Because this is the Book Art Theory blog of the College Book Art Association I’ll make a connection here from Mitchell’s theory to book art generally and the teaching of book art. For instance, personally, when I teach book art classes, I require students to make physical dummies at every stage of a book’s development in order for the book to get out of the students’ heads and so it can “talk back to them.” Of course I understand the book drafts aren’t alive yet the analogy is apt and I will often speak of my own work or that of others as being alive, not yet alive, or dead.

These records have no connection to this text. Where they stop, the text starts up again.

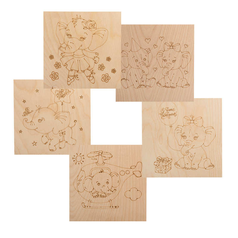 Доски для выжигания REXANT, Слонята , 150х150 мм, 5 шт., пакет | код 12-0932 | REXANT
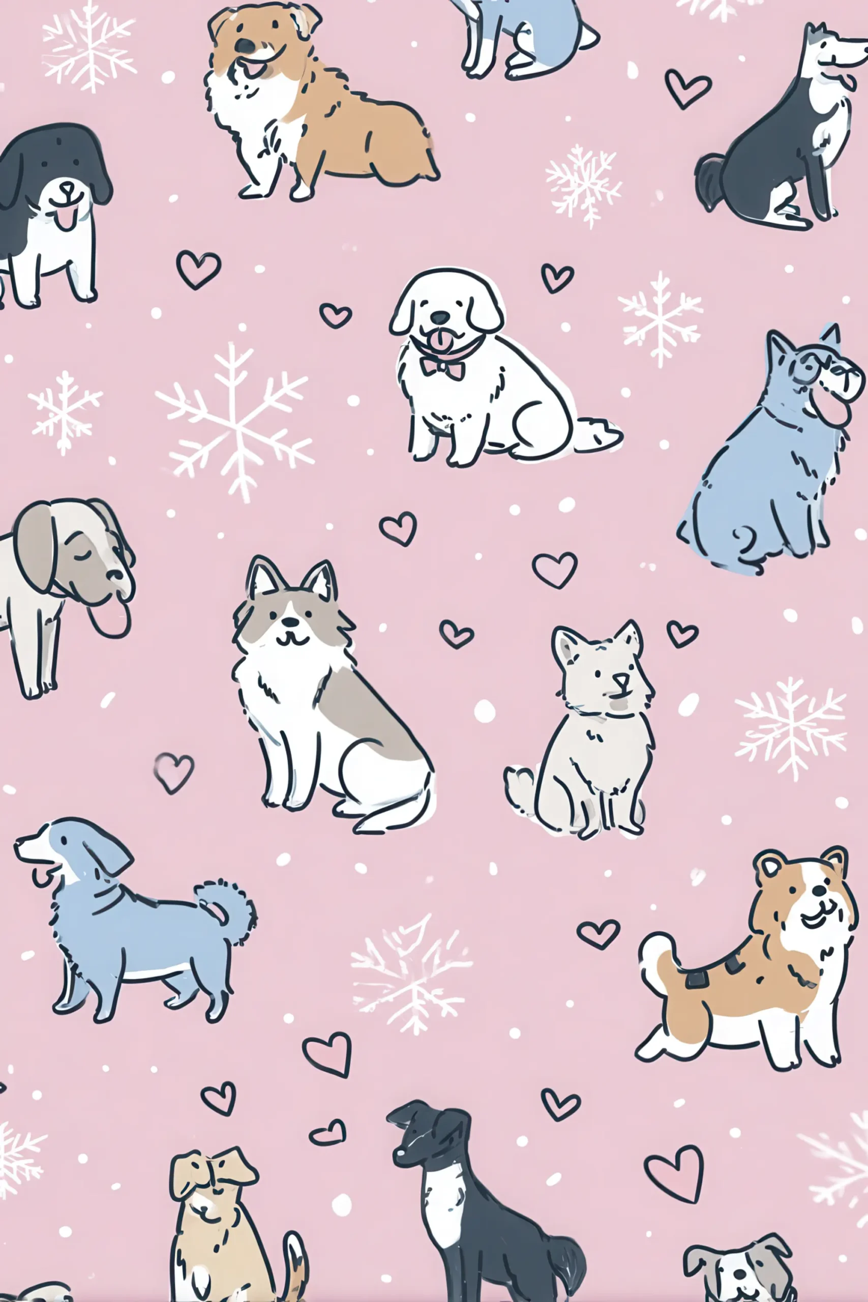 Soft lavender tones, doodled pups, tiny hearts, and gentle snowflakes — the perfect mix of cute and cozy winter magic.
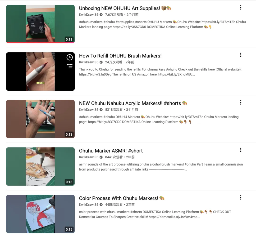 在此基础上,她又陆续发布了“How I refill my Ohuhu Markers!” 等内容,单条视频播放量约 138 万,把“可补充墨水”“长期使用成本更低”等信息自然地塞进日常内容里。
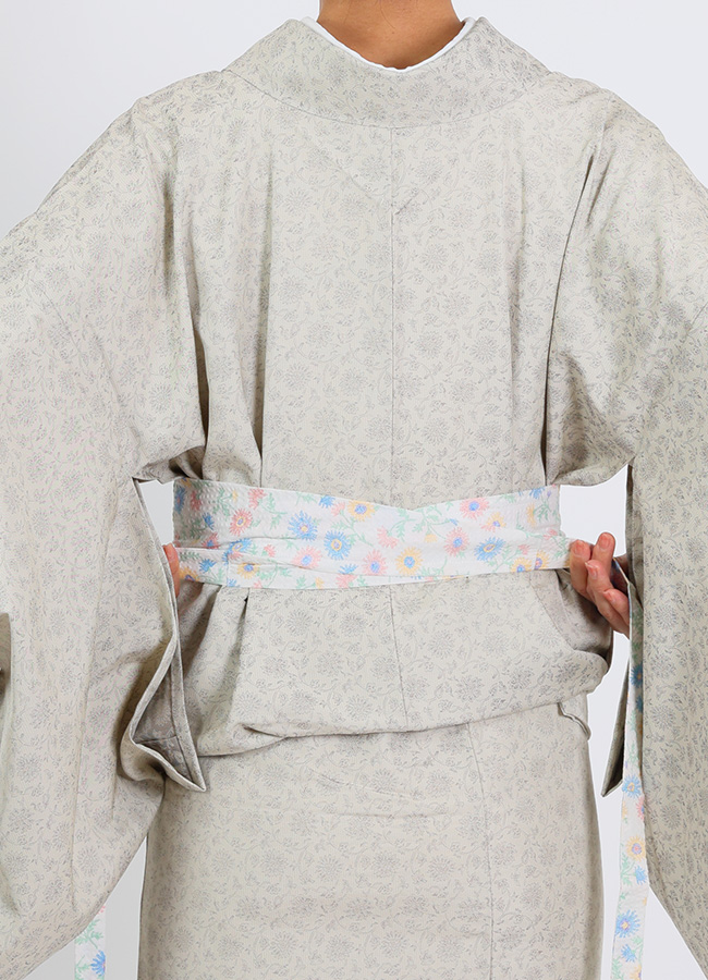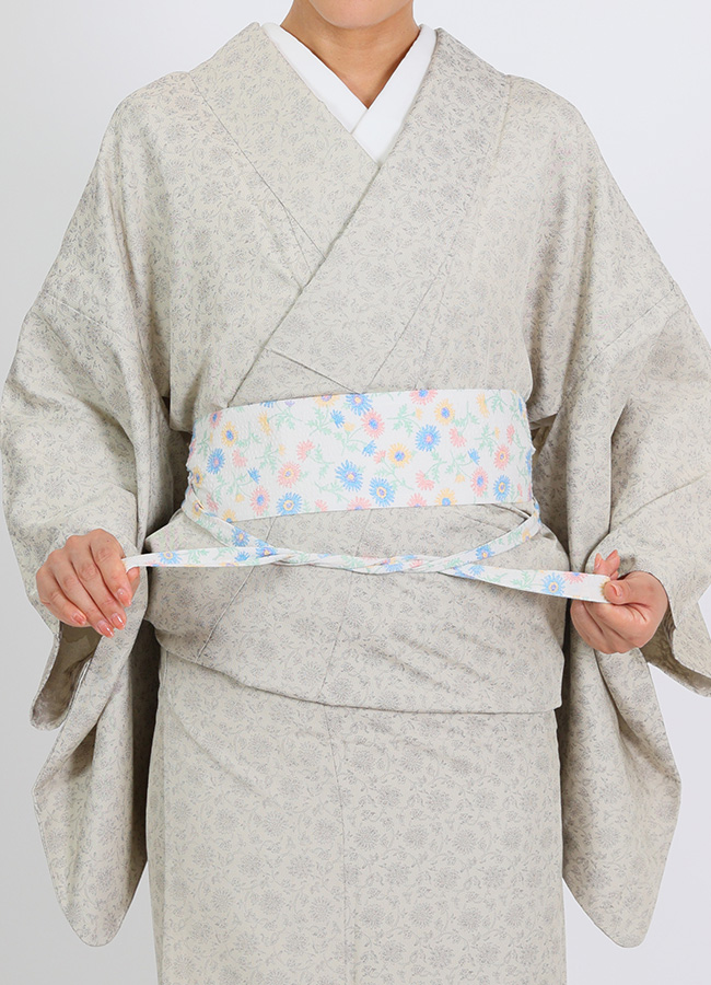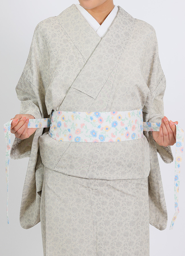 中央の幅広部分が、両端に向かってすっと細い紐状に変わっていく先細りのシルエット。これは、見た目のデザインではなく、着付けの"悩み"から生まれた機能的な答えです。

There too is an analogy to be made between art theory and living organisms since theories are ideas, suppositions, beliefs, best guesses. The good ones expand the limits of what was believed to be the boundary of possibilities. Theories are tests of possibilities meant for other theorists to scrutinize, further test, and challenge. They have a habitat and relationship, ecologically, with other organisms. And like Mitchell’s notion—centuries of thought, really—that images live somehow separate, double lives from the object that consciously reveals them, art theory comes alive from and proceeds to exist independently of what made it.

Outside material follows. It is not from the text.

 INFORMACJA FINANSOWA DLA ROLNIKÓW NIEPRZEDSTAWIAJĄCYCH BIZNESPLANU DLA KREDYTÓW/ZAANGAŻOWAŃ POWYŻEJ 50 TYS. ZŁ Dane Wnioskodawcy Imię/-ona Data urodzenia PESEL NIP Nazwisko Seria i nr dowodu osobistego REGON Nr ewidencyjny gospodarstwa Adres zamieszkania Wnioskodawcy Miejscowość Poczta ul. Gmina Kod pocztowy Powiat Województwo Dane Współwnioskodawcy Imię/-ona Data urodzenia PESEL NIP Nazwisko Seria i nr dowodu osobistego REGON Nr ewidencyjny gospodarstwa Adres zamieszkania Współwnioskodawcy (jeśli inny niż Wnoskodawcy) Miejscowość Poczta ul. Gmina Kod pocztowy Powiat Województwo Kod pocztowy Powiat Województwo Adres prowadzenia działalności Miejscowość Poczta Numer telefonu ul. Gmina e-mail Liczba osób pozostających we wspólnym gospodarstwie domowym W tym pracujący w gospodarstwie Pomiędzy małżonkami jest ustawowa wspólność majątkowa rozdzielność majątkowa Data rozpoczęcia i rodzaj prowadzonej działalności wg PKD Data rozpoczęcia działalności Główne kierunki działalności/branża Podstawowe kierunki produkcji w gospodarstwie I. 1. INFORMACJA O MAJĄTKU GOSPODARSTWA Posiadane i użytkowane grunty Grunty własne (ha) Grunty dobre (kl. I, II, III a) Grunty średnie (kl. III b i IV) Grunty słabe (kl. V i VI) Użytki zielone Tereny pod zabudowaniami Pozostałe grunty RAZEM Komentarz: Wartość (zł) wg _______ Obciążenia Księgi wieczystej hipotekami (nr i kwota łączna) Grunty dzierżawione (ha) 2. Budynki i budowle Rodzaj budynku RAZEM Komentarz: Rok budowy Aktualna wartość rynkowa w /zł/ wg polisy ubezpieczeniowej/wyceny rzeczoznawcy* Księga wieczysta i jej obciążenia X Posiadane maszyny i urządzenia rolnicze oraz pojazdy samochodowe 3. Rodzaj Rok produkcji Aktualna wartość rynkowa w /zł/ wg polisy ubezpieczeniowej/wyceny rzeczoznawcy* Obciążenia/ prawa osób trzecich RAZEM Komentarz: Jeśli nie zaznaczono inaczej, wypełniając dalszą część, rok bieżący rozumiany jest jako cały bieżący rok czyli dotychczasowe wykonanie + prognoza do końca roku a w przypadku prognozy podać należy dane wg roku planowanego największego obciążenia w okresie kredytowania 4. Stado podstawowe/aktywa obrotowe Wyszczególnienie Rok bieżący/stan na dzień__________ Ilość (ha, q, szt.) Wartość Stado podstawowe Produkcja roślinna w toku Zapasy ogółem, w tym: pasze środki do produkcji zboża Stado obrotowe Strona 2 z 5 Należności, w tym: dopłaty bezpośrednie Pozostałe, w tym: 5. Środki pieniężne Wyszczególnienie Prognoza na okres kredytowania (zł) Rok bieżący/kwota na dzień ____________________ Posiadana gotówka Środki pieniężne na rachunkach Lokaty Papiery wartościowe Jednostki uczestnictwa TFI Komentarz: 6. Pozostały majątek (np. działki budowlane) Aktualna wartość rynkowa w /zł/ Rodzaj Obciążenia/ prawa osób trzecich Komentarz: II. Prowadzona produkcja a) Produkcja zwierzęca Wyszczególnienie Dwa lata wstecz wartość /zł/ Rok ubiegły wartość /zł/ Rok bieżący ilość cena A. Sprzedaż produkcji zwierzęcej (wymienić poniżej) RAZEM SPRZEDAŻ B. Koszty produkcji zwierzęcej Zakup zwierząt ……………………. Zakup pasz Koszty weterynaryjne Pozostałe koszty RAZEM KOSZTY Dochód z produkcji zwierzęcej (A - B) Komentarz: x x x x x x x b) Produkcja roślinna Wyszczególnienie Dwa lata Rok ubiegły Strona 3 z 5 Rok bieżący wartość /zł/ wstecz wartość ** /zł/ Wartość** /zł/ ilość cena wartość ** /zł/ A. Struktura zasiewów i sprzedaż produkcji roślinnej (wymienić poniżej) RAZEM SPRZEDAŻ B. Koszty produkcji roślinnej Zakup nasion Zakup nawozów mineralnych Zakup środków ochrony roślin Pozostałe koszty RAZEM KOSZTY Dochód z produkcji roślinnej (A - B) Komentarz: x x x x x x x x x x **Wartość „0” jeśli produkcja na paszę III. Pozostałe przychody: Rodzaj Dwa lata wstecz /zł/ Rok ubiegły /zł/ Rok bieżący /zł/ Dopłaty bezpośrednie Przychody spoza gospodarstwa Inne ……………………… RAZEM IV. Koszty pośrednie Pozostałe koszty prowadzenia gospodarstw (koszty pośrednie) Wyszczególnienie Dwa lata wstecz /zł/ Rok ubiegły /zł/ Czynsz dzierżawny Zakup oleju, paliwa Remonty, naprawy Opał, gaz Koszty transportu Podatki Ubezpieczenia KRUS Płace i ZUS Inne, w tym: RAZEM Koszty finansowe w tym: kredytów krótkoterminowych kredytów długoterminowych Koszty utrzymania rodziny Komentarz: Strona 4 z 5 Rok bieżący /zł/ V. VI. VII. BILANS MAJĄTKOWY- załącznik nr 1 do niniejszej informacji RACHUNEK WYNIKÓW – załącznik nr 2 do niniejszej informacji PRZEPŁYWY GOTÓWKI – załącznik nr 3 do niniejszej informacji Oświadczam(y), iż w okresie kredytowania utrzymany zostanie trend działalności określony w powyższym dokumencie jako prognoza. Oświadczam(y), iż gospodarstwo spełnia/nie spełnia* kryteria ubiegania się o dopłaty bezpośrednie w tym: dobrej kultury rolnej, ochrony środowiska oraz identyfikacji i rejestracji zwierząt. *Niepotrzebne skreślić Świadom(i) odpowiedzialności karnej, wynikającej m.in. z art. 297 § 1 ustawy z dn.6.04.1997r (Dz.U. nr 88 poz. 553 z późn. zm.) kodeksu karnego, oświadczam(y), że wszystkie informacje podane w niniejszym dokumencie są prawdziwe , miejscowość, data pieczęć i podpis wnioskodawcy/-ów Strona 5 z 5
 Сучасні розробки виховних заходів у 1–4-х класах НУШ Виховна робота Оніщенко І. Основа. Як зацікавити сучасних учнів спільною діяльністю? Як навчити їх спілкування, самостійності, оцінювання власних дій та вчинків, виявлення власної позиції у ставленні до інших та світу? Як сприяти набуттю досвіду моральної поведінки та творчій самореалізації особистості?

Take an example from critic Lucy Lippard, one of a handful of writers who have theorized, however limiting, about book art. Before her brief but key essay “The Artist’s Book Goes Public” published in Art in America in 1977 (later collected in Artists’ Books: A Critical Anthology and Sourcebook edited by Joan Lyons), Lippard made a significant theory and contribution out of the conceptual art environment growing around her contemporaneously in the latter half of the 1960s and early 1970s. Her theory was published as a kind of annotated reference book in 1972 called Six Years: the Dematerialization of the Art Object from 1966-1972. It revealed the boundaries of a conceptual practice that came into being (just not always materially) during the Civil Rights and Women’s Liberation Movements, Vietnam, and counter culture “free-for-all,” as she described the period. Lippard, an active part of that environment, responded to artworks also existing in that habitat, aptly posited about art’s dematerialization at the time, and then went about collecting all the possible evidence of this work’s existence as pointers for further study and theorizing.

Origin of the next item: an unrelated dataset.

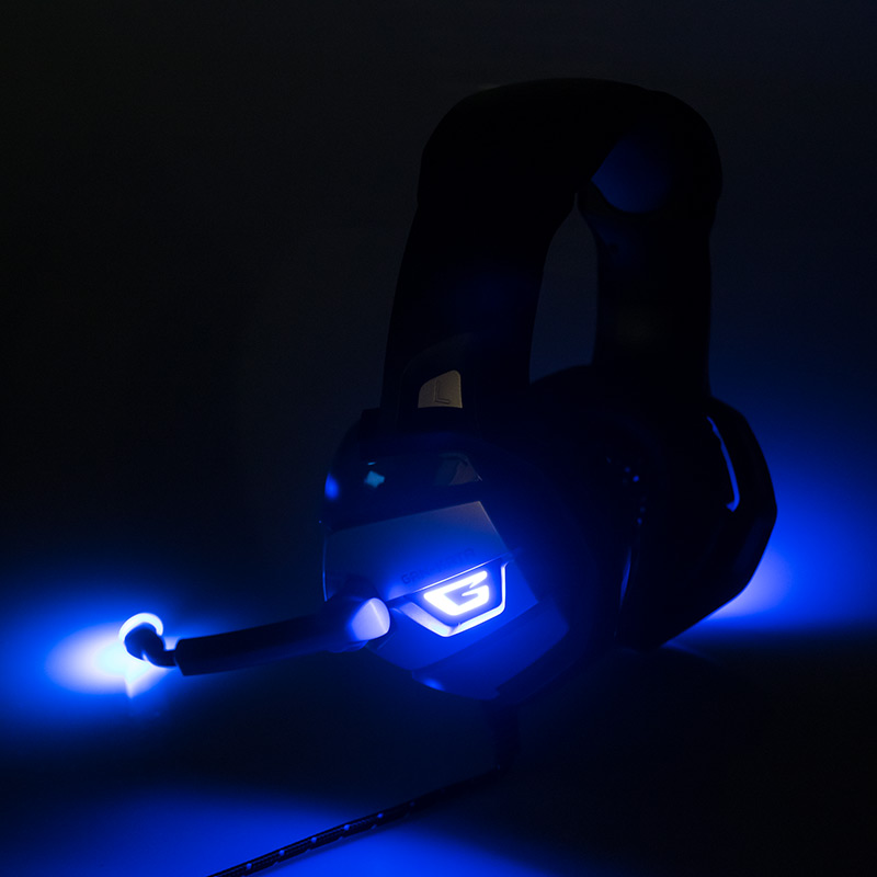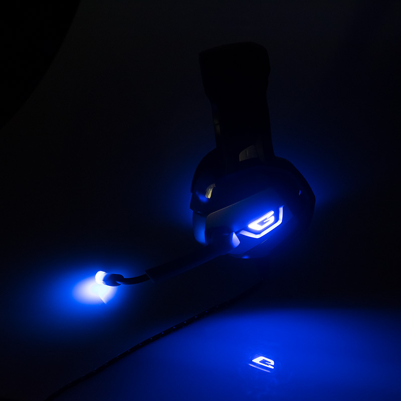 LED blue light on the cups and microphone, activates when when connected to a USB port.
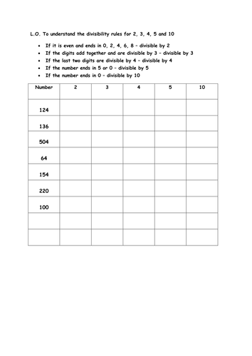 Free Divisibility Rules Worksheets & Teaching Resources | TpT Free Math Printable: Divisibility Rules for 2, 5 and 10 Number Sort (Grades 5-7) by Krystal Mills 17 FREE PDF This is a 2 page freebie (one worksheet and the solution) for some quick practice with the divisibility rules for 2, 5 and 10. I do have other, more in depth lessons on divisibility rules - just browse my store!

Perhaps conceptual art of that period was so far flung and such a free-for-all it wanted a theory and needed the larger process-based moniker of dematerialization to fulfill its lack of cohesiveness as an all-out movement. Or Lippard and others wanted to draw all the disparate work together to make more sense of the works since they were, after all, challenging to the status quo and certainly audiences must have needed assistance understanding these pieces. Perhaps the artists didn’t understand what was happening yet, either; I’ve heard it said—a little condescendingly, if you ask me—that artists need help from theorists in understanding their work.
The point, in the end, is theory wants, needs, lacks the art work and the art work wants, needs, lacks the theory. Ecological problems seem to present themselves when one or the other doesn’t reside in the same habitat. But then maybe the requirement of this balance isn’t accurate. Perhaps I incorrectly understand the relationships between these two organisms of theory and book art. And since this is supposed to be a place for discussion—maybe a comment or two, at least—I ask then, what does book art want? What is needed, lacking, left wanting for book art, currently? Close reading of key books? If not close reading then recognition of key historical circumstances? Narratives that connect contemporary activities in the field at large? To be more readily considered by non-artists from outside the field? To be more widely understood or appreciated?